The multi-stop logic configuration parameter USE CONOPT MERGE IN TOP-OFF PASS provides an option to use the Conopt Merge algorithm for shipment consolidation in the top-off pass. Note that the main objective in the top-off pass is to move contents of the top-off shipments to the consolidated core shipments to utilize their equipment as much as possible. You have the option of using the Conopt Merge algorithm in this step (which does a better job than the Savings based algorithms) to achieve high equipment utilization. See current limitations of Conopt Merge algorithm.

The multi-stop logic configuration parameter IGNORE CAPACITY OVERRIDES IN TOP-OFF PASS provides an option to ignore capacity overrides on the itinerary legs during shipment consolidation in the top-off pass. It makes sense to use this option only when the enforced capacity overrides are required, only until the top-off stop which should also be the last pick-up stop.

Top-off Scenario Example 1

Consider the planning scenario on a 2-leg itinerary as shown in the figure below. There are 4 core orders of 20,000 LB each, with 4 different source locations in a city region and a common destination at a port of discharge (POD). Only one type of equipment is available with a load capacity of 50,000 LB.

In this situation, multi-stop shipments will arrive at the port of loading (POL) location and continue on the ocean leg with under utilized equipment (10,000 LB capacity still available). To avoid this waste of equipment capacity, first leg shipments with unused capacity are brought to a top-off location (T in the above figure) where a top-off order of 20,000 is available for pick-up. In this case, as shown in the following figure, planning with the setting “USE CONOPT MERGE IN TOP-OFF PASS = true” will result in the 2 fully-utilized shipments on the first leg.

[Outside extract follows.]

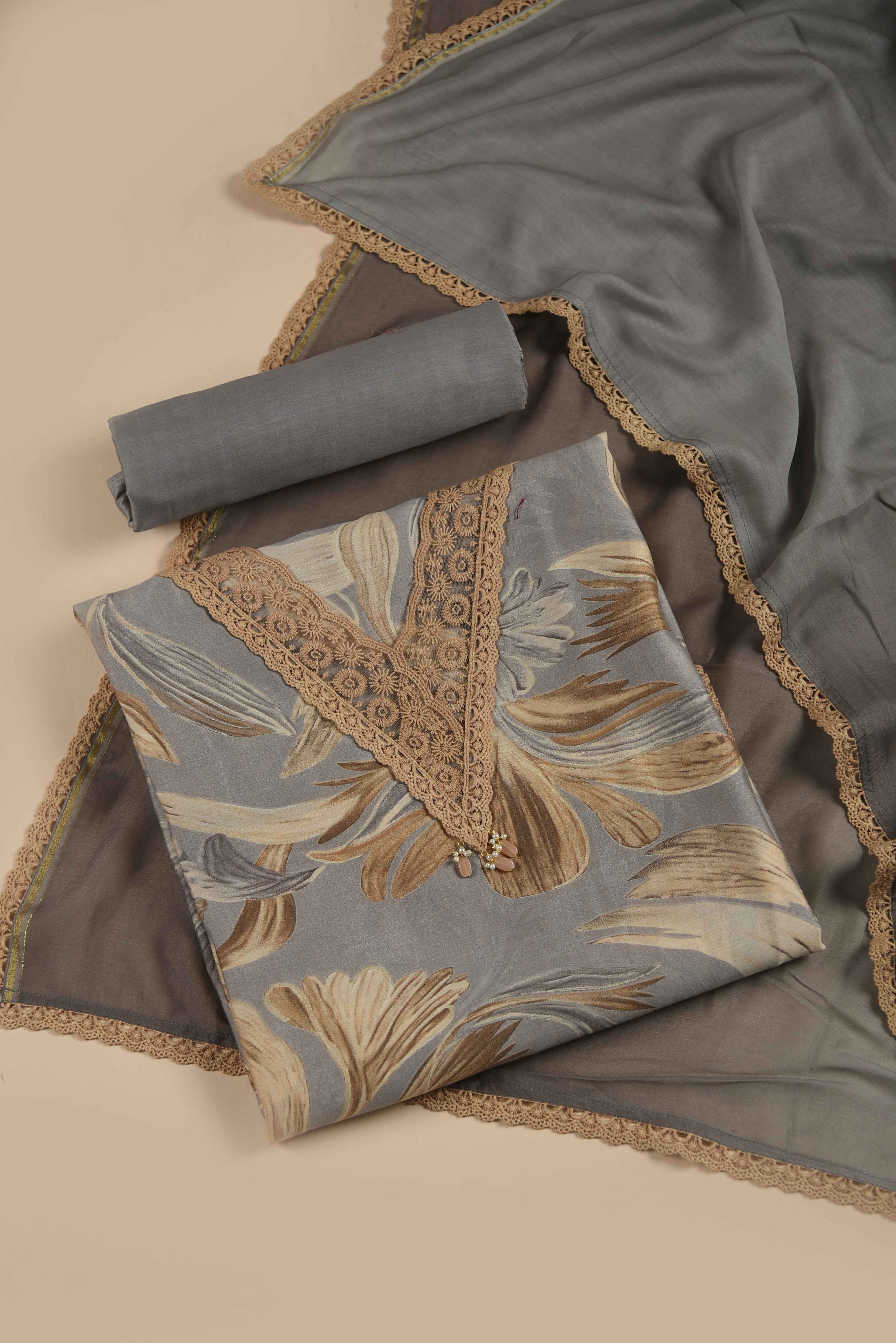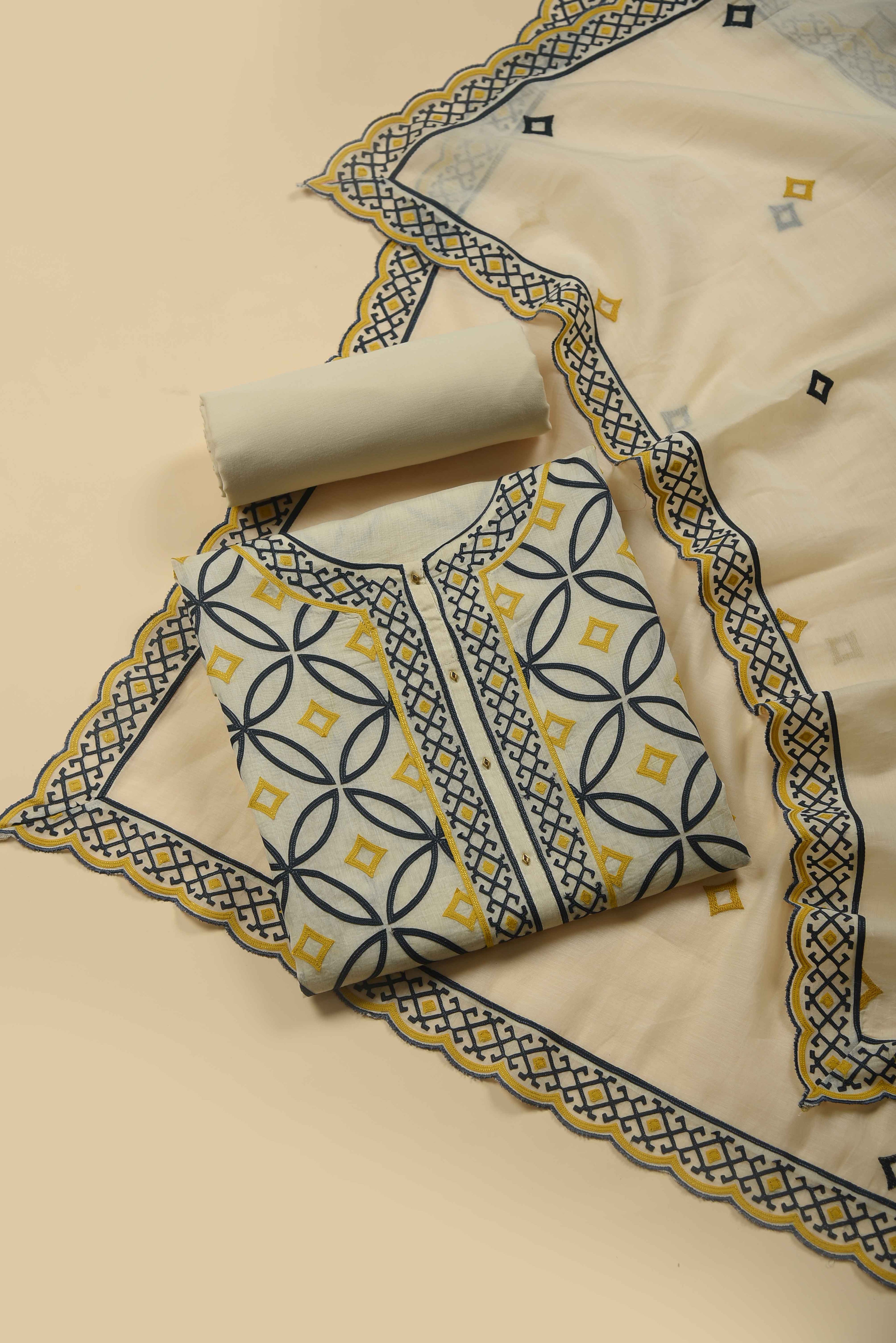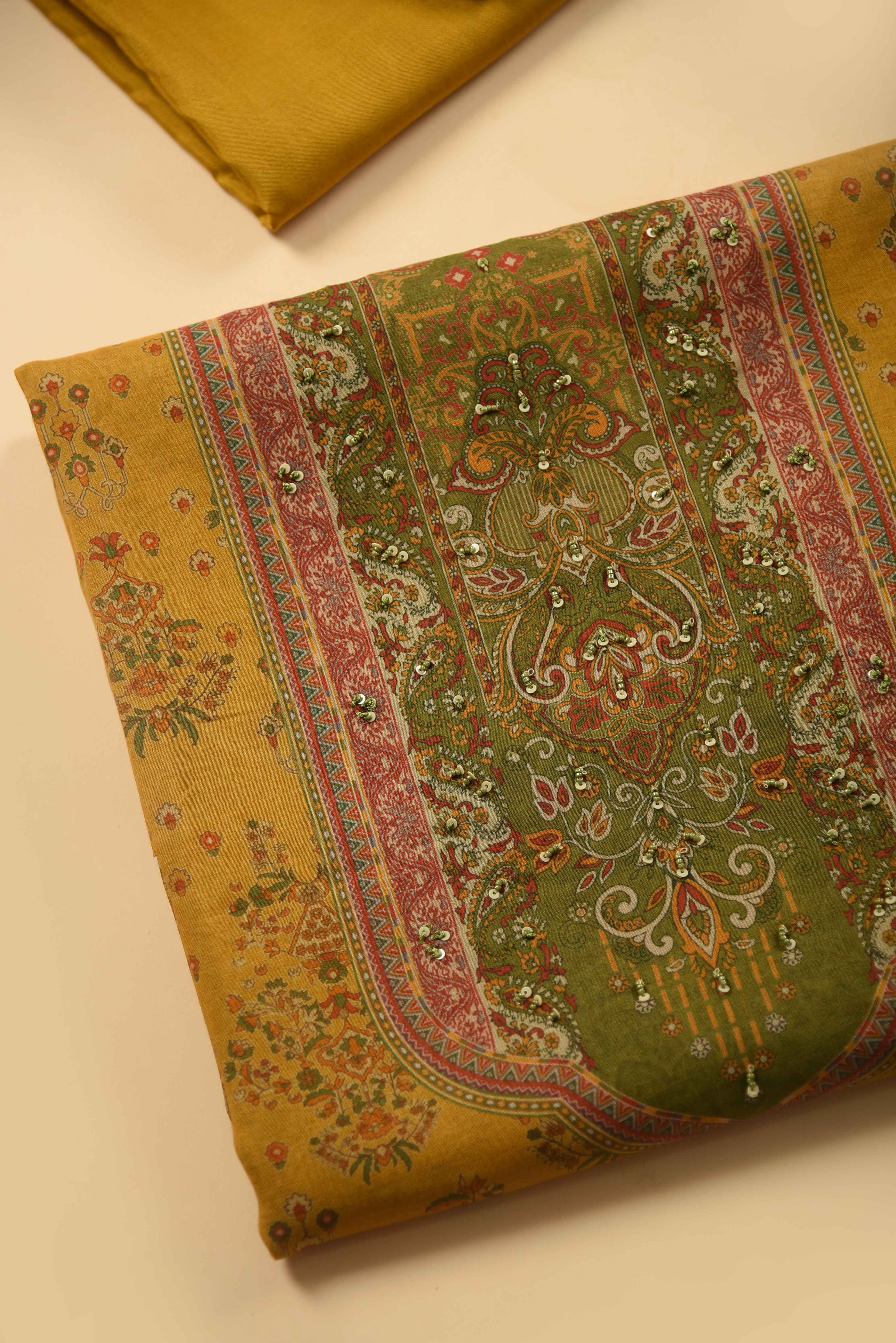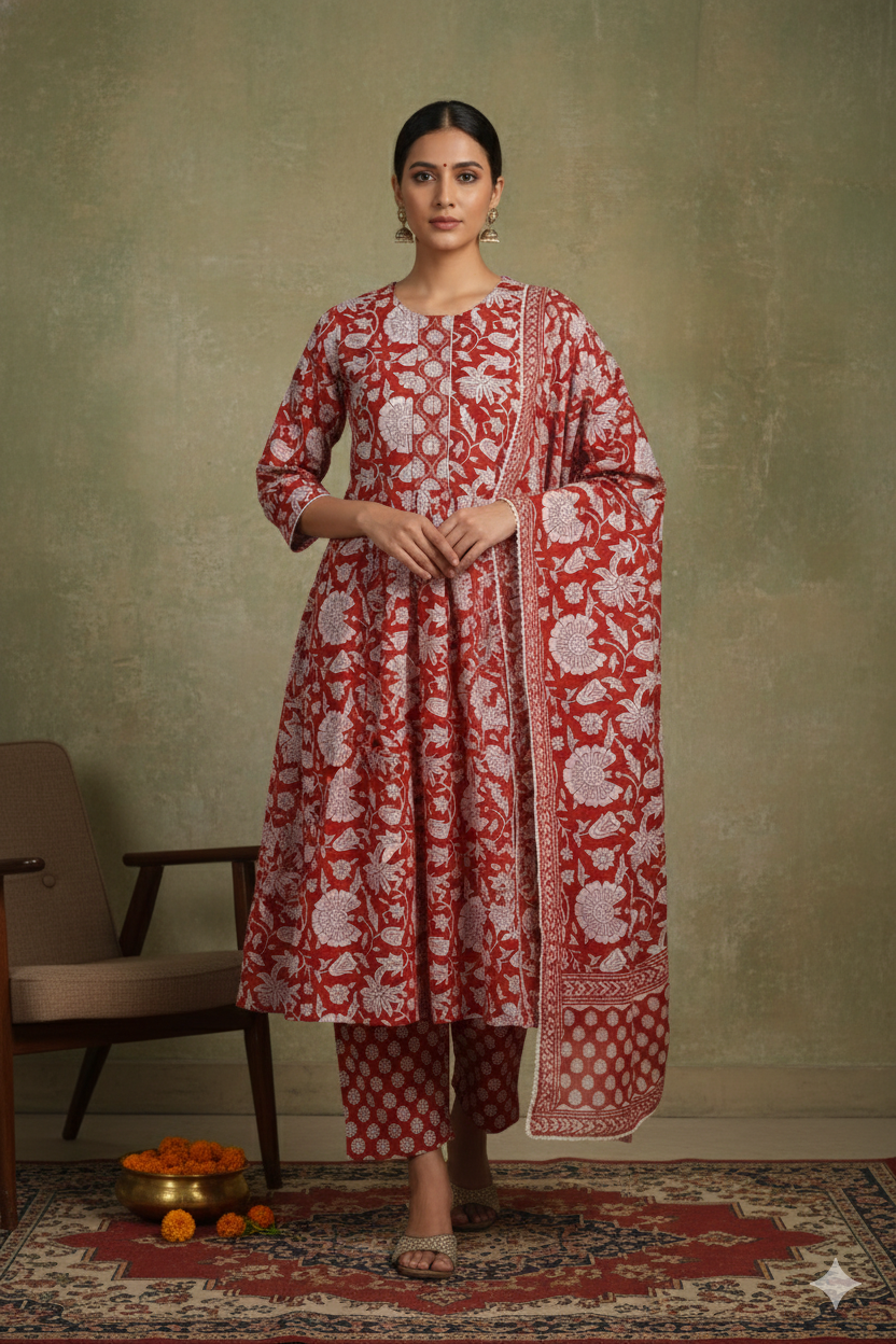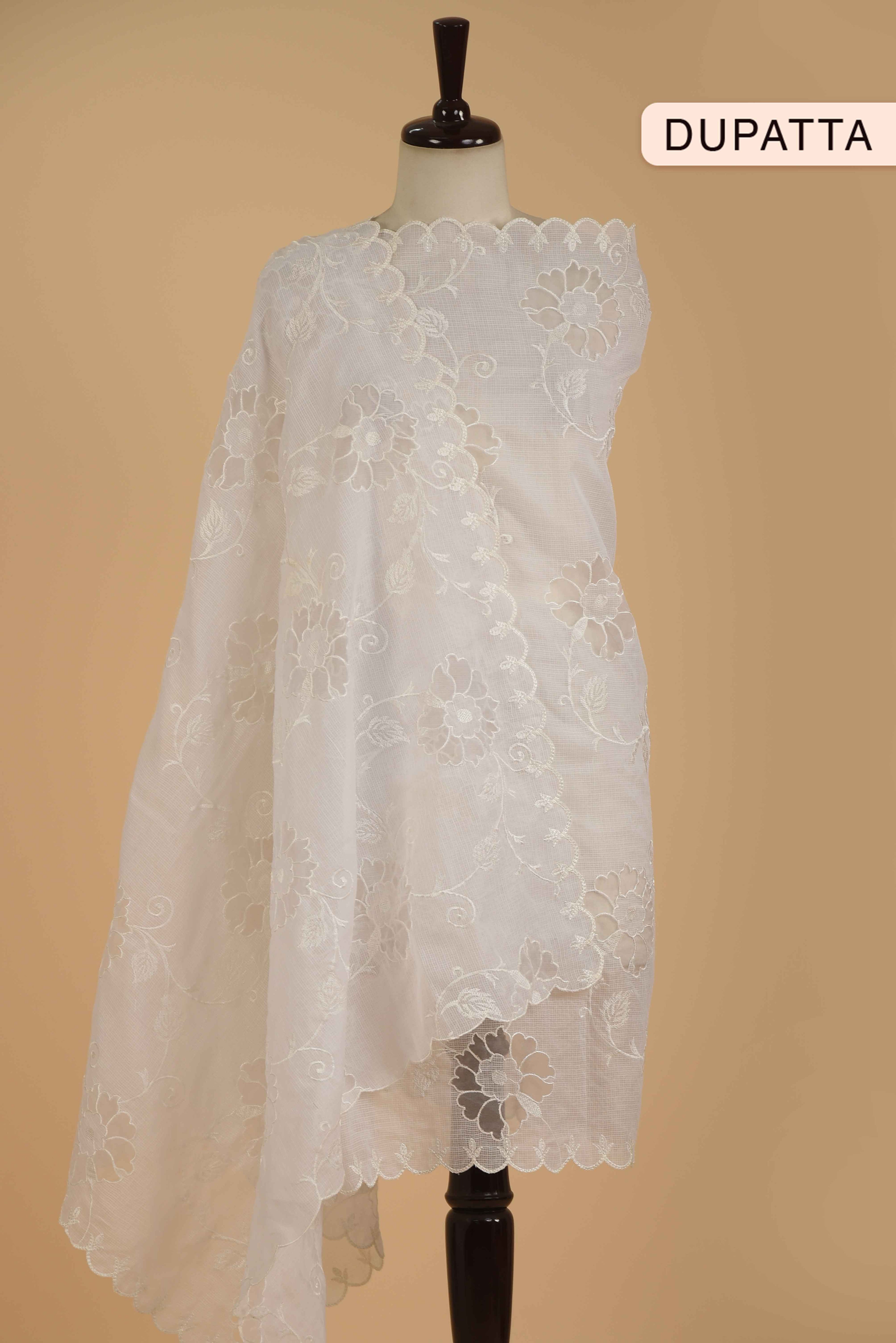 Red Mul chanderi Embroidered Unstitched Suit Fabric Set With Mul Chanderi Embroidered Dupatta

Top-off Scenario Example 2

The planning scenario in this example is shown in the following figure and is similar to Example 1. The main difference in this case is that a street legal load limit of 40,000 LB is imposed in the city region. This is defined as an equipment capacity override on the first leg. However, the full equipment capacity of 50,000 LB is allowed between the top-off location T and POL as T is strategically located very close to POL.

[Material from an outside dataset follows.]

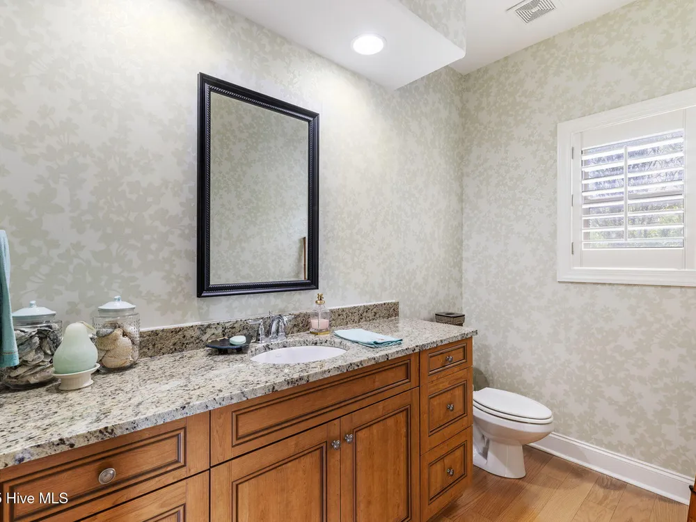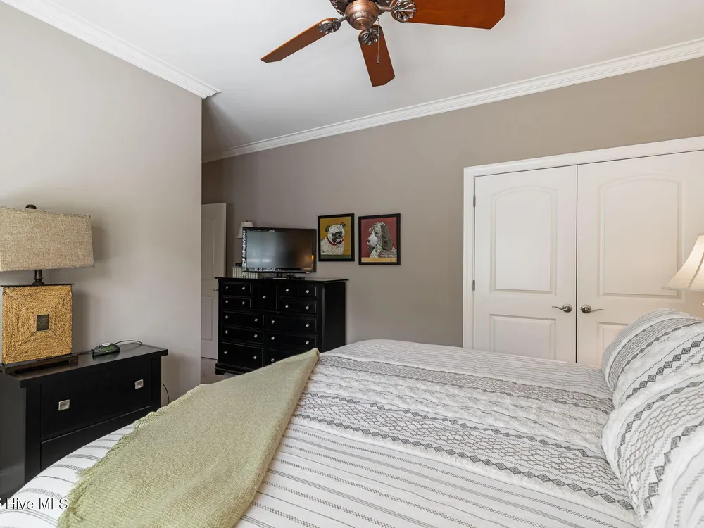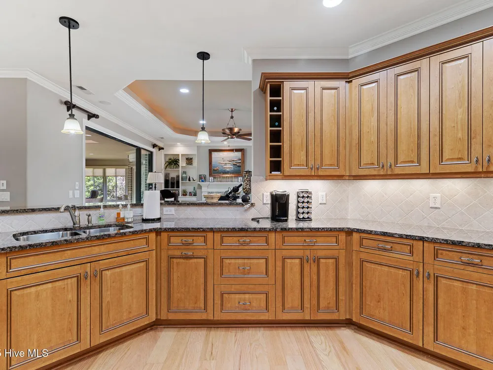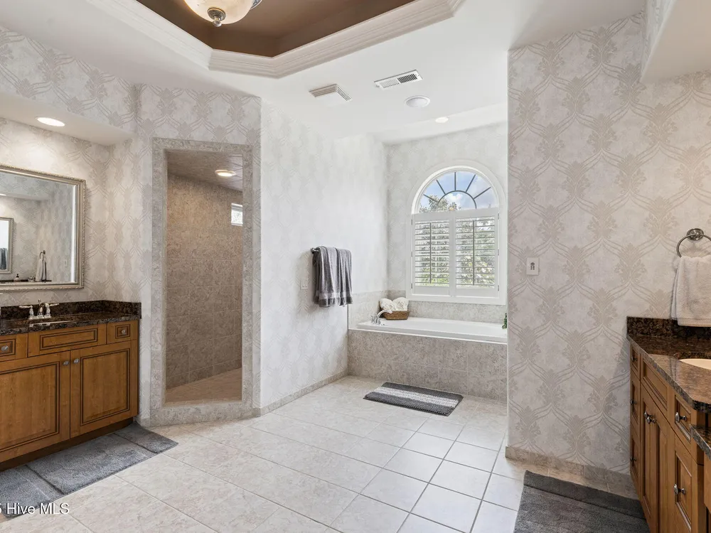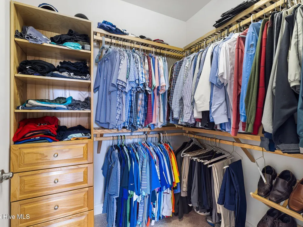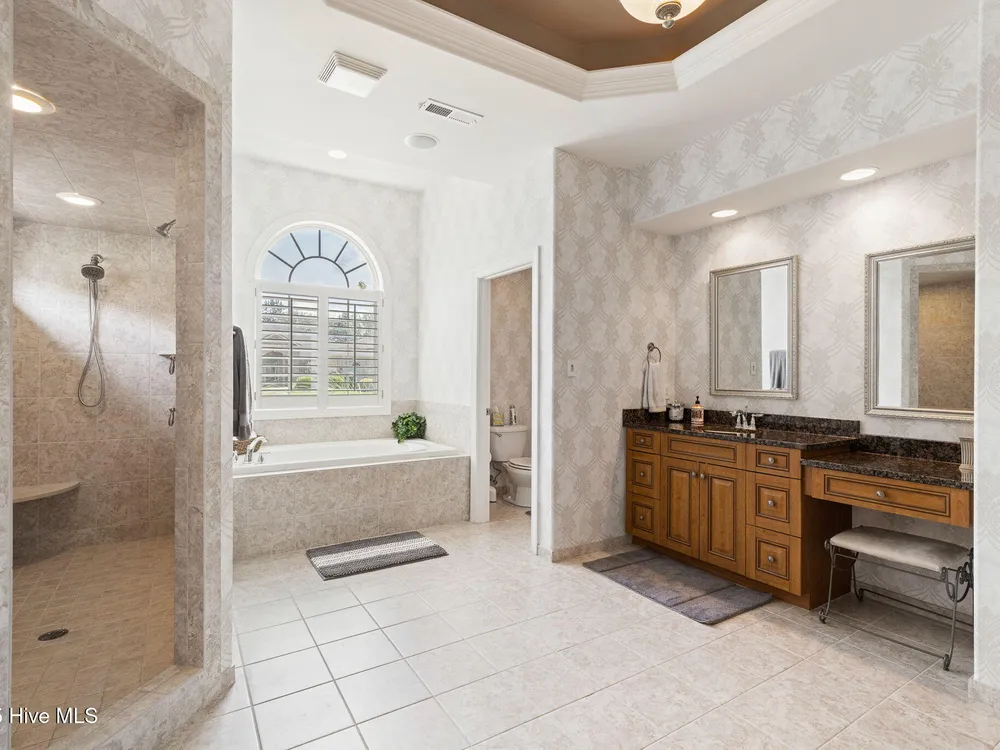 - Blinds/Shades, Sound System, Wet Bar, Walk-In Closet(s), Walk-in Shower, Tray Ceiling(s), Entrance Foyer, Pantry, Mud Room, Master Downstairs, Kitchen Island, High Ceilings, Gas Log, Ceiling Fan(s), Bookcases

Suppose there are 2 "core” orders of 60,000 LB each, with 2 different source locations in the city region and a common destination at a port of discharge (POD). In this situation, multi-stop shipments will arrive at the POL location and continue on the ocean leg with underutilized pieces of equipment (with at least 10,000 LB capacity still available). To avoid this waste of equipment capacity, a top-off order of 30,000 LB is available for pick-up at T. In this case, as shown in the following figure, planning with the setting “USE CONOPT MERGE IN TOP-OFF PASS = true” and “IGNORE CAPACITY OVERRIDES IN TOP-OFF PASS = true” will result in 3 fully-utilized shipments on the first leg.

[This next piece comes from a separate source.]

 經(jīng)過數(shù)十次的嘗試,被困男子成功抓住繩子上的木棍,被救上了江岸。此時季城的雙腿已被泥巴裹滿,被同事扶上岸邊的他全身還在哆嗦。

Note: Typically, top-off orders would be used to fill under-utilized shipment with core orders, rather than to create top-off-only shipments.  However, for a scenario in which top-off-only shipments are allowed, turning on the multi-stop logic configuration parameter TOP-OFF DISABLE SAME OD PAIRING may allow better utilization on top-off-only shipments. This parameter should not be turned on if top-off-only shipments are not desired.